Carey,
Congratulations on surviving the pizza marathon, and thanks for posting all the photos and the accompanying commentary. I thoroughly enjoyed reading everything.
Like Buzz, I wondered about the 9 tablespoons of total oil for 2 cups of flour. I measured out 2 cups of King Arthur all-purpose flour on my digital scale this afternoon, and I estimate that the total oil logs in at around 34%. Interestingly, when I weighed out 1 3/4 cups of the KA flour and calculated the weight of 6 tablespoons of total oil, which I believe represents the experiment Buzz says he plans to try, I got 33.5% total oil. So, unless my methodology and/or math were flawed, it looks like you essentially performed the dough experiment Buzz is planning to try.
I wondered more about the length of the fermentation of your doughs, all of which was at room temperature. Buzz specifies around 8 hours room-temperature fermentation as a typical case. I would be interested in hearing what your dough looked and felt like after a much longer room-temperature fermentation, and especially if there were signs of overfermentation, such as a very slack dough or one prone to tears forming. I speculate that the high percentage of total oil might restrain the rate and amount of dough expansion and forestall the likelihood of overfermenting, but I don't recall ever using such a long room-temperature fermentation with a dough with so much oil. My practice with Buzz's recipes has been to use a combination of room-temperature fermentation and refrigeration, or refrigeration alone, with a 1 to 2 hour counter warm-up before using.
In seeing your dough after you rolled it out, folded it into quarters, and rerolled it out again, I was reminded of a technique I used with Buzz's original recipe to try to keep the rolled out dough in a round shape at all stages. Specifically, I took the dough ball, divided it into two equal pieces, rolled one of the dough pieces out into a first round skin, put the second dough piece on top of the first skin, flattened it, and then rolled it out on top of the first skin, effectively forming a "laminated" assembly. After folding in the edges of the two skins and sealing the exposed edges, I rolled out the lamination to its final size to be fitted into the deep-dish pan. In retrospect, I think it might have been better to roll out the two dough pieces into separate skins (round), superimpose them, and then finish rolling out the lamination to its final desired size for fitting into the pan. Either way, the finished assembly would be round at all times, rather than an oblong or irregular shape that results from trying to roll out a skin that has been folded into quarters.
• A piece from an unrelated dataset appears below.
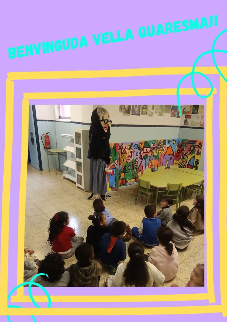 El passat divendres va arribar a l’escola la Vella Quaresma! Ho va tenir complicat perque té moltes cames i s’entrebanca! Així que els nens i nenes d’educació infantil, cada setmana li treuran una cama per a que pugui caminar!!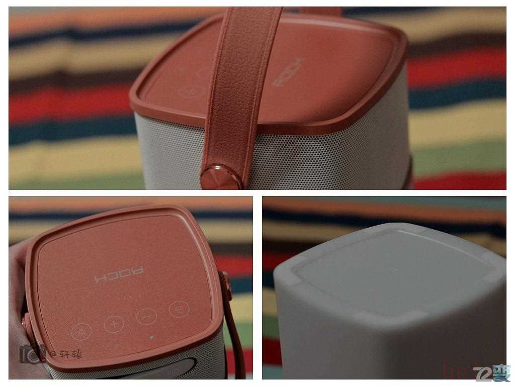 提手采用仿皮质处理,手感较好,金色大铆钉拉丝处理,用来固定提手,视觉上比较美观,Rock音箱站立在桌面上异常牢固,用手需要很费力才能推得懂,得益于底部的防滑脚垫设计,共4枚,通过双面胶粘合在底部。

I also tried a three-skin lamination with cold dabs of butter between the layers. That produced an interesting flaky texture in the crust. My experiments were tried with Buzz's original recipe that uses around 10-12% total oil (by my calculation), so I don't know how they will work with a dough with more than double that amount of total oil (by baker's percent). I offer up these possibilities with the hope that you will experiment with them, and possibly benefit from them and improve upon them, in your future efforts. (BTW, I reported on my experiments on the thread where I have been trying to reverse-engineer Buzz's many experiments to find the ideal Giordano's style deep-dish dough.)
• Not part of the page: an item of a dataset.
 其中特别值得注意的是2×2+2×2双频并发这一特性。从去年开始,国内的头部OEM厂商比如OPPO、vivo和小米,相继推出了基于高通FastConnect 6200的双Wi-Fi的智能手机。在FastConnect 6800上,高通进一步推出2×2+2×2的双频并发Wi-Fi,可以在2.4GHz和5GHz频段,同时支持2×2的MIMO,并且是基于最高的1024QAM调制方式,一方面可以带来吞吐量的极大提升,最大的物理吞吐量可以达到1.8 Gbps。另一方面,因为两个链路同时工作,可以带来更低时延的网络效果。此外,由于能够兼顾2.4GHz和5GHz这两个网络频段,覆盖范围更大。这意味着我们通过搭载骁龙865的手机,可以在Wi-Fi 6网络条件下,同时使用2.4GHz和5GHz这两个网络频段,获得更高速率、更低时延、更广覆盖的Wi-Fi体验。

I though I might also mention that for your friend who is allergic to cheese there is an alternative that might be worth considering, should you make another deep-dish pie for her to sample. It is a non-dairy, soy-based “mozzarella” cheese. Soy-based mozzarella is a firm, mild (but pleasant) tasting, vegetable form of mozzarella cheese made principally from soybeans. It looks very much like regular mozzarella cheese, shreds and slices just like regular mozzarella cheese, and can be used on a pizza just like regular mozzarella cheese. It will melt without any significant browning and it will be chewy and almost indistinguishable on (or in) a baked pizza from regular mozzarella cheese. However, it will not be as flavorful as regular mozzarella cheese, and certainly not as tasty or flavorful as fresh mozzarella cheese. In addition to being a dairy-free product, it is also lactose- and cholesterol-free, so it offers clear advantages to persons who are lactose intolerant or are on low-fat or low-cholesterol diets. I have used it in deep-dish pies along with regular mozzarella cheese and provolone cheese and could not detect its presence. I have experimented with a few brands (basic soy mozzarella only, not the ones with other things mixed in) that I found at a Whole Foods store. I have not tried soy mozzarella alone in a deep-dish pie, but with all the powerful flavors in such a pie I think your friend will still enjoy eating it.